Chapter 13

COLLETTA

Ibarely register the vows.

Monica's voice breaks on for better or worse, and our mother dabs at her eyes with a monogrammed handkerchief, and the string quartet swells into something achingly romantic that probably cost more than my car payment.

The officiant says something about love being a journey, about two souls becoming one, about commitment and honor and forever.

But I can't stop looking at him.

Kruk sits in the back row, shoulders too broad for the delicate vineyard chair, hands folded in his lap like he's waiting for a signal to deploy.

The late afternoon light cuts through the ceremony tent and catches on the gold caps of his tusks, on the harsh angles of his face, on the tribal ink that crawls up his neck and disappears into his collar.

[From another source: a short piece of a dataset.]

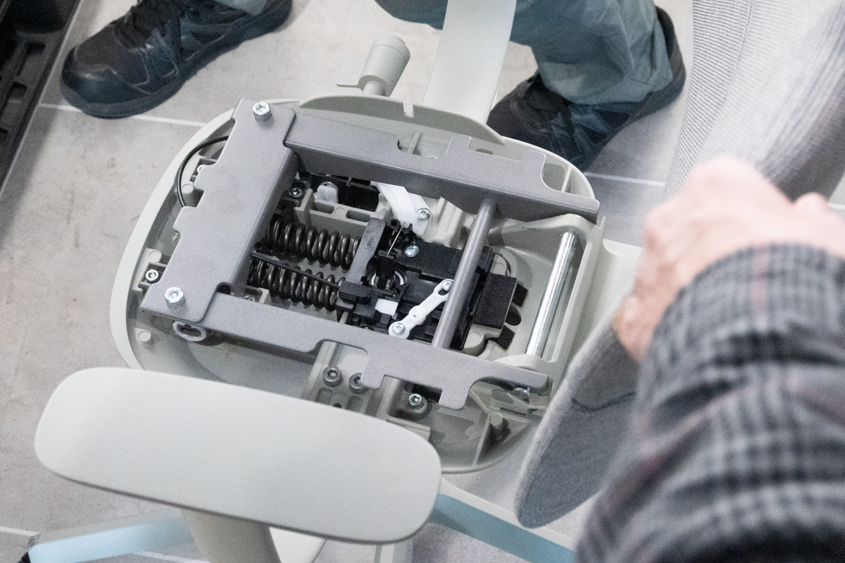 デザイン上の最大のハードルは、柴田氏が求めていた「座面の下のメカの部分を極限まで薄くすること」の実現だ。メカとは機能を実現する内部構造のこと。これを実現するために新規メカを開発したが、背もたれと座面が一緒に動くシンクロロッキングのものは、12年前の「エフチェア」以来だという。

He's supposed to blend into the background, to be forgettable decoration for this pastel tableau.

He fails spectacularly.

Three elderly aunts keep glancing back at him with expressions that cycle between terror and fascination.

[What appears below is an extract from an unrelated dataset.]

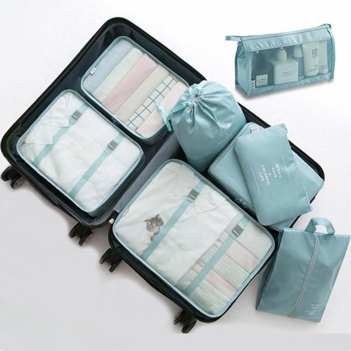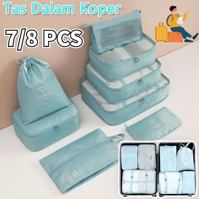 TAS TRAVEL 8 IN 1/SET PENGATUR PAKAIAN/SET PENGATUR PERJALANAN SERUT - HITAM (7PCS)

A cousin's boyfriend shifts uncomfortably every time Kruk's gaze sweeps the perimeter.

Even the flower girl gave him a wide berth during her walk down the aisle, scattering petals in an arc that carefully avoided his general vicinity.

But when he looks at me, when those dark eyes find mine across the rows of chairs and champagne-tipsy guests and elaborate floral arrangements, everything else dissolves into irrelevant background noise.

The muscle in his jaw flexes. His version of a smile, I'm learning. The subtle tells that translate his stoic warrior exterior into something approaching human emotion. A language I'm becoming fluent in despite never intending to enroll in the course.

Heat crawls up my neck and settles in my cheeks. I duck my head, pretending intense interest in Monica's dress train, fighting the completely inappropriate grin that wants to split my face open in the middle of my sister's wedding ceremony.

This is absolutely, categorically not the moment to be having these kinds of thoughts.

This is spectacularly, overwhelmingly not the appropriate place for my brain to be wandering in this particular direction.

This is absolutely, categorically not the moment to be mentally replaying last night's activities in graphic detail while standing three feet from a priest and clutching a bouquet of peonies.

My body doesn't care about appropriate timing.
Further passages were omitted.